# Saved data entries
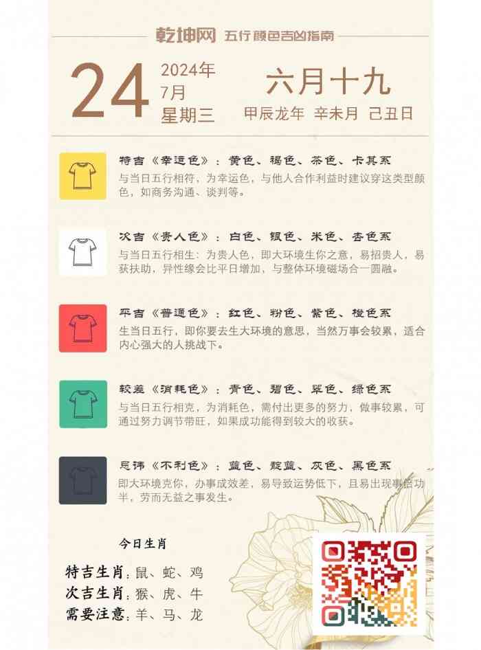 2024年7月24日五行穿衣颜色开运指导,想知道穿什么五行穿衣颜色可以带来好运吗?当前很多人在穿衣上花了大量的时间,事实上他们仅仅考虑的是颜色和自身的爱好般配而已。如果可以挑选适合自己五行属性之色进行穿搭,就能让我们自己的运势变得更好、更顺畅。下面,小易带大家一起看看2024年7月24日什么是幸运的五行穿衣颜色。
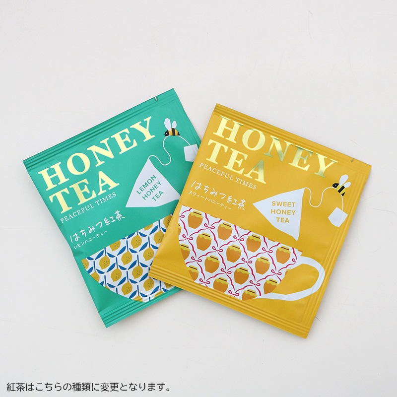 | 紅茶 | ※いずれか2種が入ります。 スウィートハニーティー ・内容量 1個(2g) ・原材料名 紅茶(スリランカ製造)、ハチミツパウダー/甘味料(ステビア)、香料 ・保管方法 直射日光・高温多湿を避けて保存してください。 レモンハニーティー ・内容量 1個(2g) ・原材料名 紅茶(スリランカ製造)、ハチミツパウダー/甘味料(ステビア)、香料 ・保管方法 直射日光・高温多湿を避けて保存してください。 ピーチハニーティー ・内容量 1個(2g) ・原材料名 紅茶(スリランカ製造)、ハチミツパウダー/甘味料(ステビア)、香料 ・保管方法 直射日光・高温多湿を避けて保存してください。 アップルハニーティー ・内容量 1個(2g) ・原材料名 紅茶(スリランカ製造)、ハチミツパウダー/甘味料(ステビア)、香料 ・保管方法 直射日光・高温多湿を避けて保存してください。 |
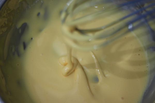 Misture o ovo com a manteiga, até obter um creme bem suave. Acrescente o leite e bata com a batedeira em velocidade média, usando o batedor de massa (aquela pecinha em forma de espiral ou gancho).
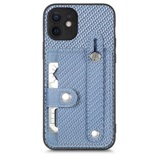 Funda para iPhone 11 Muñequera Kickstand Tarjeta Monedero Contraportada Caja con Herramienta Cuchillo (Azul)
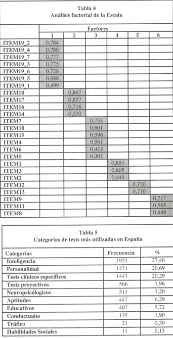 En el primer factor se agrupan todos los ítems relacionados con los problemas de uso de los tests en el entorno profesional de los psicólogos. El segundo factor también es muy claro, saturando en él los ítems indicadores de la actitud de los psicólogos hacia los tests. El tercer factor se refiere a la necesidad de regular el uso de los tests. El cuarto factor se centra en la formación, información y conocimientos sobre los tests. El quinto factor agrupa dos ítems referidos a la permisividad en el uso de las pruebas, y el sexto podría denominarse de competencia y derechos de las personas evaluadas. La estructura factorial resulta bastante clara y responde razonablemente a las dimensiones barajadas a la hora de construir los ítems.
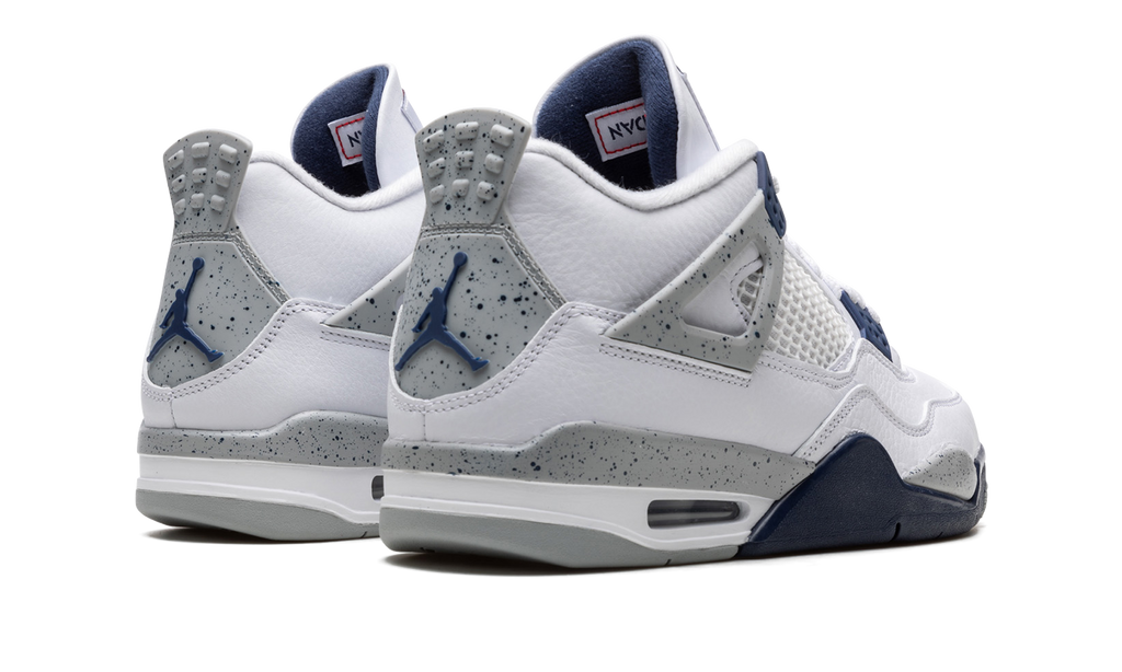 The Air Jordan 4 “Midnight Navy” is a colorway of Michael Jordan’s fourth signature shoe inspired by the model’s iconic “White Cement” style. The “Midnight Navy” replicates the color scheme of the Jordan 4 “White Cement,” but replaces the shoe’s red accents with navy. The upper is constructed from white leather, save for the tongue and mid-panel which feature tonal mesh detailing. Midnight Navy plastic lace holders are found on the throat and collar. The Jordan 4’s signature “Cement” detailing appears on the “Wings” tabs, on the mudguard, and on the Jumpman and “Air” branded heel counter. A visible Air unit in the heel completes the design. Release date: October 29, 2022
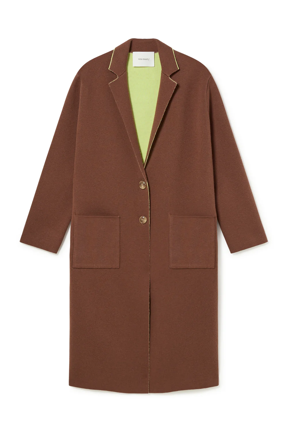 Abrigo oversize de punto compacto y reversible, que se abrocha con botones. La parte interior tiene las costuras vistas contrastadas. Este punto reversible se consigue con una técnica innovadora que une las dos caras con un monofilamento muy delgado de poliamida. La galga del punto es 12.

# EXERCISE INSTRUCTIONS
Please reproduce the data above word for word, skipping all images.

# RESULT OF THE EXERCISE
 2024年7月24日五行穿衣颜色开运指导,想知道穿什么五行穿衣颜色可以带来好运吗?当前很多人在穿衣上花了大量的时间,事实上他们仅仅考虑的是颜色和自身的爱好般配而已。如果可以挑选适合自己五行属性之色进行穿搭,就能让我们自己的运势变得更好、更顺畅。下面,小易带大家一起看看2024年7月24日什么是幸运的五行穿衣颜色。
 | 紅茶 | ※いずれか2種が入ります。 スウィートハニーティー ・内容量 1個(2g) ・原材料名 紅茶(スリランカ製造)、ハチミツパウダー/甘味料(ステビア)、香料 ・保管方法 直射日光・高温多湿を避けて保存してください。 レモンハニーティー ・内容量 1個(2g) ・原材料名 紅茶(スリランカ製造)、ハチミツパウダー/甘味料(ステビア)、香料 ・保管方法 直射日光・高温多湿を避けて保存してください。 ピーチハニーティー ・内容量 1個(2g) ・原材料名 紅茶(スリランカ製造)、ハチミツパウダー/甘味料(ステビア)、香料 ・保管方法 直射日光・高温多湿を避けて保存してください。 アップルハニーティー ・内容量 1個(2g) ・原材料名 紅茶(スリランカ製造)、ハチミツパウダー/甘味料(ステビア)、香料 ・保管方法 直射日光・高温多湿を避けて保存してください。 |
 Misture o ovo com a manteiga, até obter um creme bem suave. Acrescente o leite e bata com a batedeira em velocidade média, usando o batedor de massa (aquela pecinha em forma de espiral ou gancho).
 Funda para iPhone 11 Muñequera Kickstand Tarjeta Monedero Contraportada Caja con Herramienta Cuchillo (Azul)
 En el primer factor se agrupan todos los ítems relacionados con los problemas de uso de los tests en el entorno profesional de los psicólogos. El segundo factor también es muy claro, saturando en él los ítems indicadores de la actitud de los psicólogos hacia los tests. El tercer factor se refiere a la necesidad de regular el uso de los tests. El cuarto factor se centra en la formación, información y conocimientos sobre los tests. El quinto factor agrupa dos ítems referidos a la permisividad en el uso de las pruebas, y el sexto podría denominarse de competencia y derechos de las personas evaluadas. La estructura factorial resulta bastante clara y responde razonablemente a las dimensiones barajadas a la hora de construir los ítems.
 The Air Jordan 4 “Midnight Navy” is a colorway of Michael Jordan’s fourth signature shoe inspired by the model’s iconic “White Cement” style. The “Midnight Navy” replicates the color scheme of the Jordan 4 “White Cement,” but replaces the shoe’s red accents with navy. The upper is constructed from white leather, save for the tongue and mid-panel which feature tonal mesh detailing. Midnight Navy plastic lace holders are found on the throat and collar. The Jordan 4’s signature “Cement” detailing appears on the “Wings” tabs, on the mudguard, and on the Jumpman and “Air” branded heel counter. A visible Air unit in the heel completes the design. Release date: October 29, 2022
 Abrigo oversize de punto compacto y reversible, que se abrocha con botones. La parte interior tiene las costuras vistas contrastadas. Este punto reversible se consigue con una técnica innovadora que une las dos caras con un monofilamento muy delgado de poliamida. La galga del punto es 12.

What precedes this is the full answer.